Brief:
Within the listing below, give again exactly the lines between the one containing "EndeavourOS - 2025.11.24" and the one containing "前へ 次へ お客様の声一覧を見る", inclusive, pictures left aside.

Data for processing:
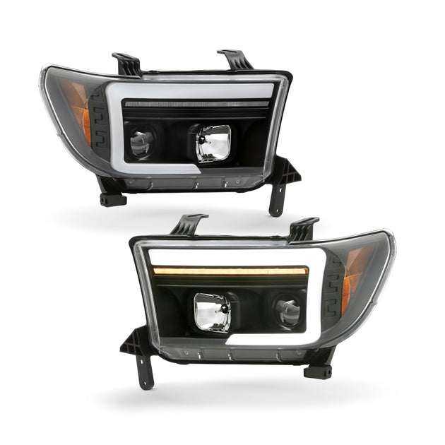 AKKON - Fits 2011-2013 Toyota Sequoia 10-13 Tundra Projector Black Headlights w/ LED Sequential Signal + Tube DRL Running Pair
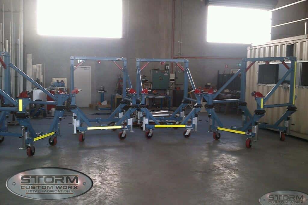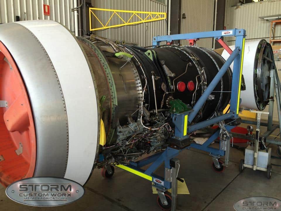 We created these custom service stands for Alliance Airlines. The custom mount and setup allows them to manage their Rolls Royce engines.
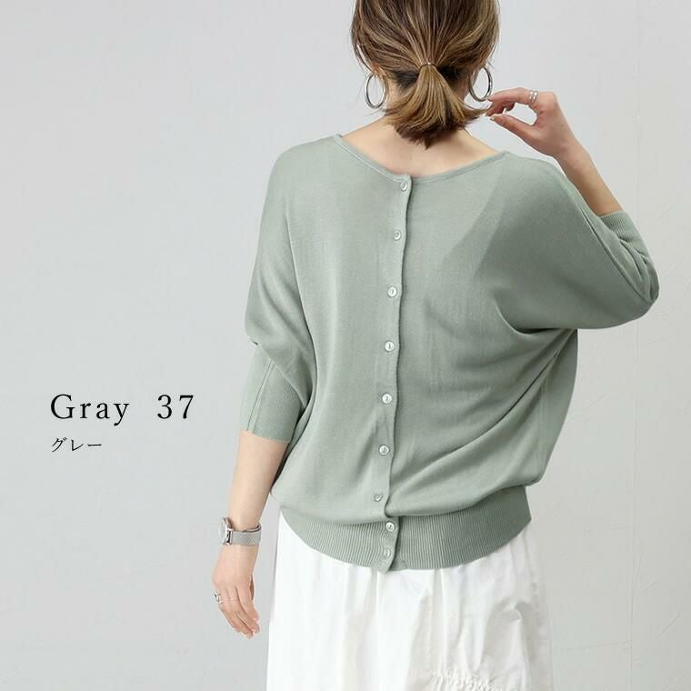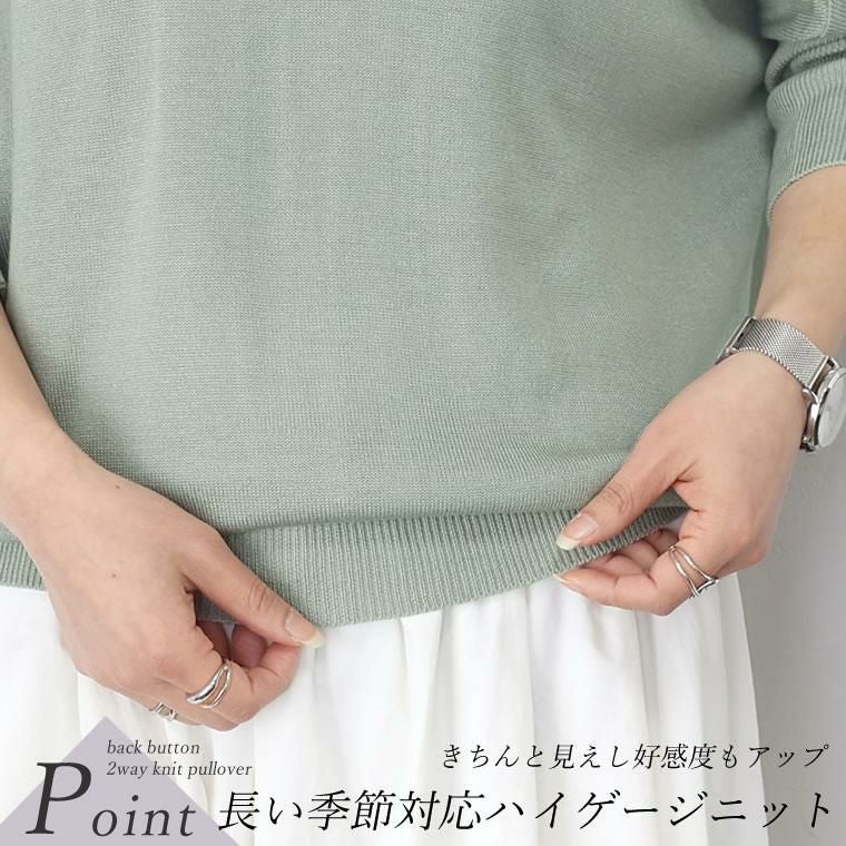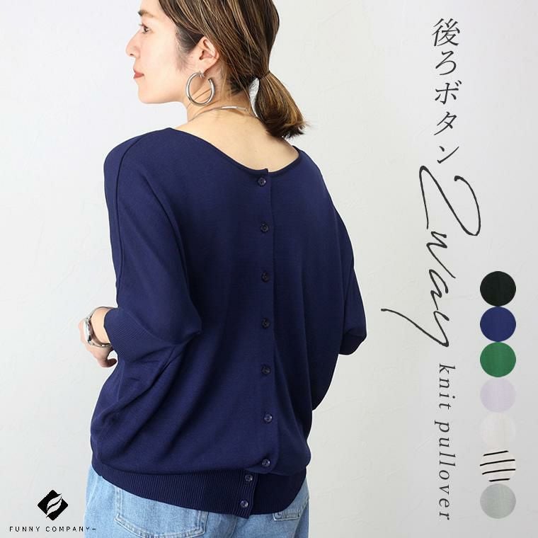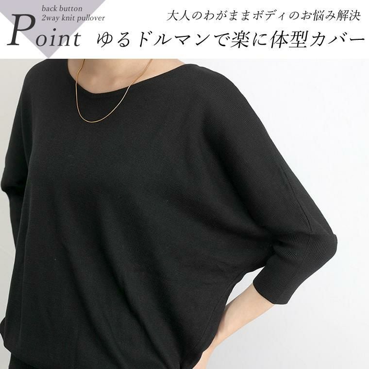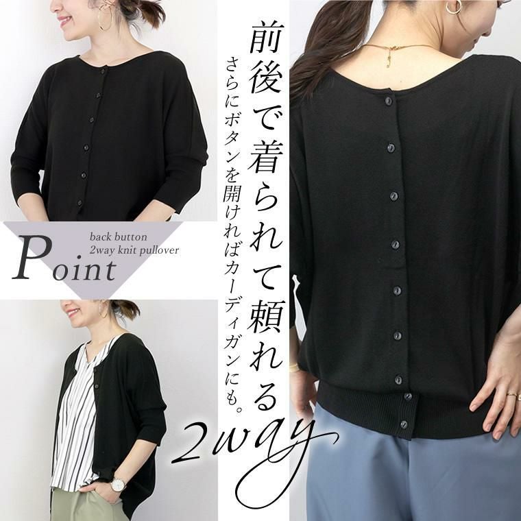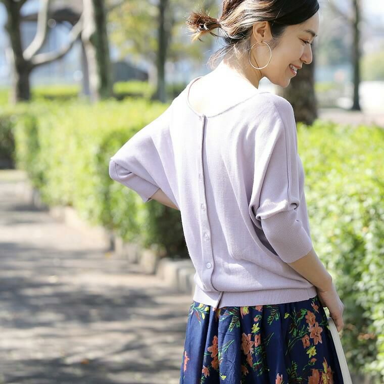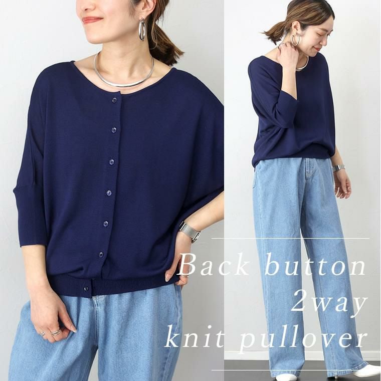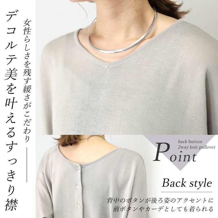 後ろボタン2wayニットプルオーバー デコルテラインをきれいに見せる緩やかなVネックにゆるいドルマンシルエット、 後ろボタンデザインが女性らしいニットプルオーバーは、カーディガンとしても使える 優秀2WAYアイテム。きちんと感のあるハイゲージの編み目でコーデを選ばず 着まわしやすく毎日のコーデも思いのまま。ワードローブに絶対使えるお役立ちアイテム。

...

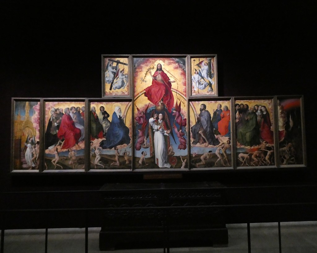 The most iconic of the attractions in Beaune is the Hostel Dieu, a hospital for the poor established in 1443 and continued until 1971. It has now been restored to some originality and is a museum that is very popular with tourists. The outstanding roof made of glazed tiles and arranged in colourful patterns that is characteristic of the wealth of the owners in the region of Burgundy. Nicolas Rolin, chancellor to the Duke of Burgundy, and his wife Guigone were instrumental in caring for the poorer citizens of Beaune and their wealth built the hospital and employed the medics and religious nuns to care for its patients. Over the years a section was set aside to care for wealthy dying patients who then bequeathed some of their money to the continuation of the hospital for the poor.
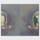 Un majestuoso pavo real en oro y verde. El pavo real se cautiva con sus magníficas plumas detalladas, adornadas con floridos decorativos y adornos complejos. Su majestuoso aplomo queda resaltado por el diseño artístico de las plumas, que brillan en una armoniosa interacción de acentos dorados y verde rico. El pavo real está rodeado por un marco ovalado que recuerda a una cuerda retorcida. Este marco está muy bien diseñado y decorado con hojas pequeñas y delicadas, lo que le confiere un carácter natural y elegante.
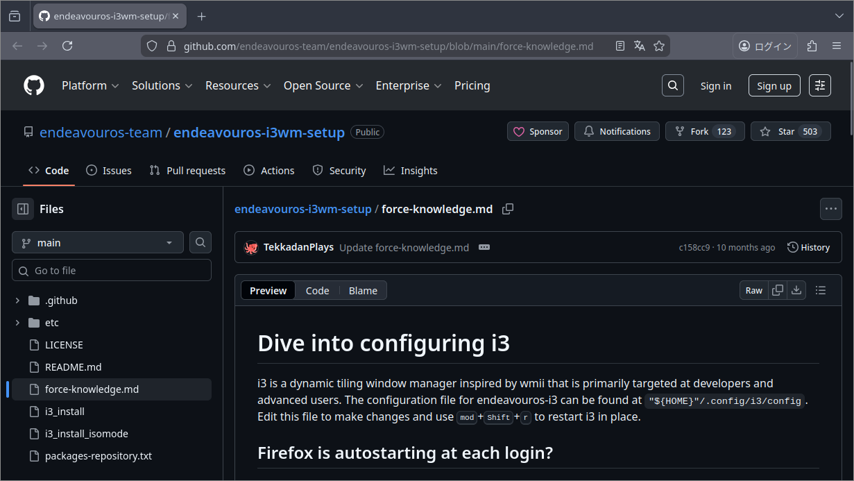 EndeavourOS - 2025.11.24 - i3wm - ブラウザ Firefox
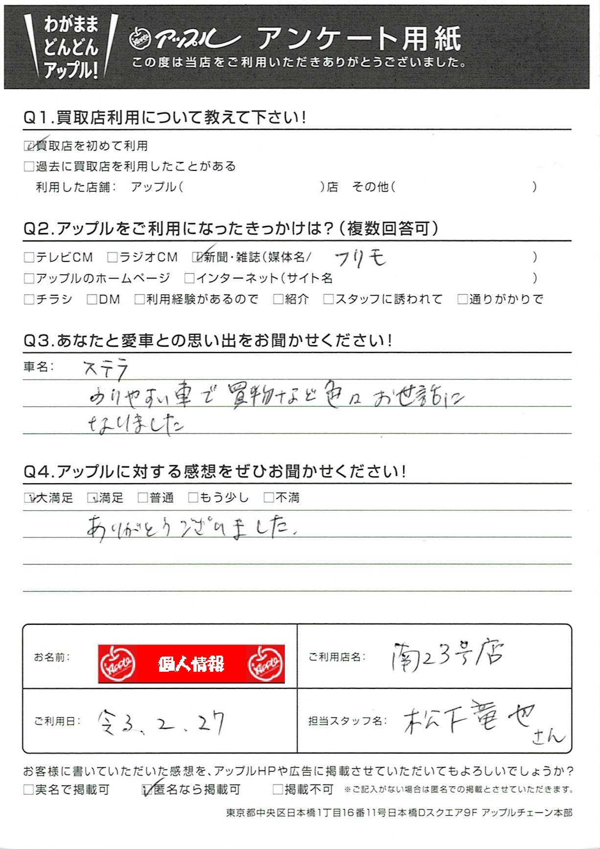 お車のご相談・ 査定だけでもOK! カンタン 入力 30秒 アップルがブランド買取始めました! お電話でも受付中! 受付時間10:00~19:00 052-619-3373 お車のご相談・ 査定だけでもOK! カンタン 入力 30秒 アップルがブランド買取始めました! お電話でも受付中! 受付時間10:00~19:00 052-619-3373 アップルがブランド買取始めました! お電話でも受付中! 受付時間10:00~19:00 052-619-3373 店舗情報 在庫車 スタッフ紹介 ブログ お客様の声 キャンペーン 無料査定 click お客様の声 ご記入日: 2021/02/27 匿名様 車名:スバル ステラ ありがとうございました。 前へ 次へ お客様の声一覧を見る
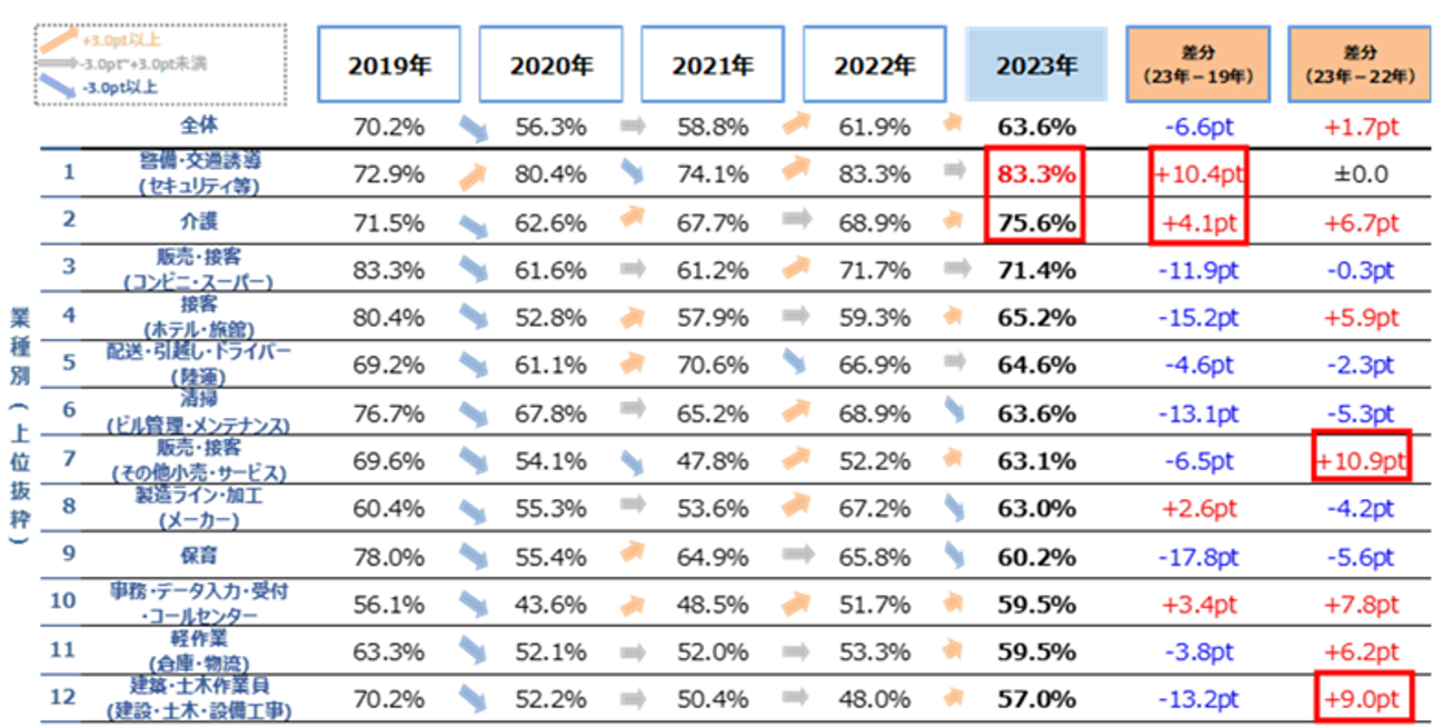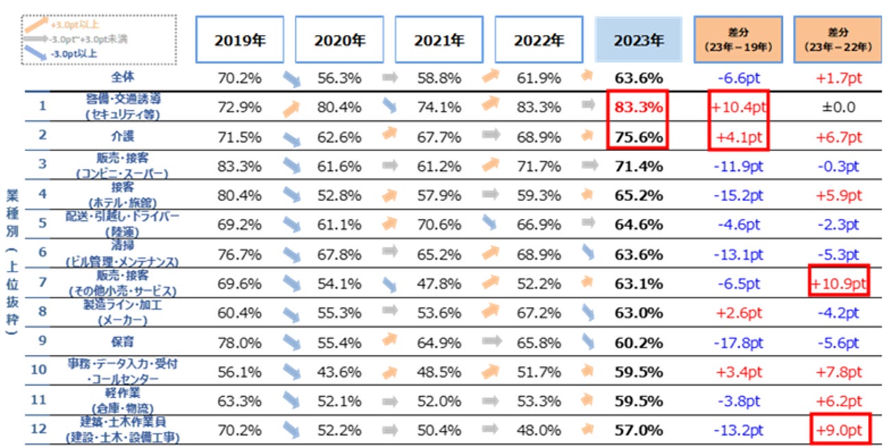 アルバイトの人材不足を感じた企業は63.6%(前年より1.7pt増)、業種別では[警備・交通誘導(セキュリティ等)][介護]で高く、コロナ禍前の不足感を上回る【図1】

Completed task:
 EndeavourOS - 2025.11.24 - i3wm - ブラウザ Firefox
 お車のご相談・ 査定だけでもOK! カンタン 入力 30秒 アップルがブランド買取始めました! お電話でも受付中! 受付時間10:00~19:00 052-619-3373 お車のご相談・ 査定だけでもOK! カンタン 入力 30秒 アップルがブランド買取始めました! お電話でも受付中! 受付時間10:00~19:00 052-619-3373 アップルがブランド買取始めました! お電話でも受付中! 受付時間10:00~19:00 052-619-3373 店舗情報 在庫車 スタッフ紹介 ブログ お客様の声 キャンペーン 無料査定 click お客様の声 ご記入日: 2021/02/27 匿名様 車名:スバル ステラ ありがとうございました。 前へ 次へ お客様の声一覧を見る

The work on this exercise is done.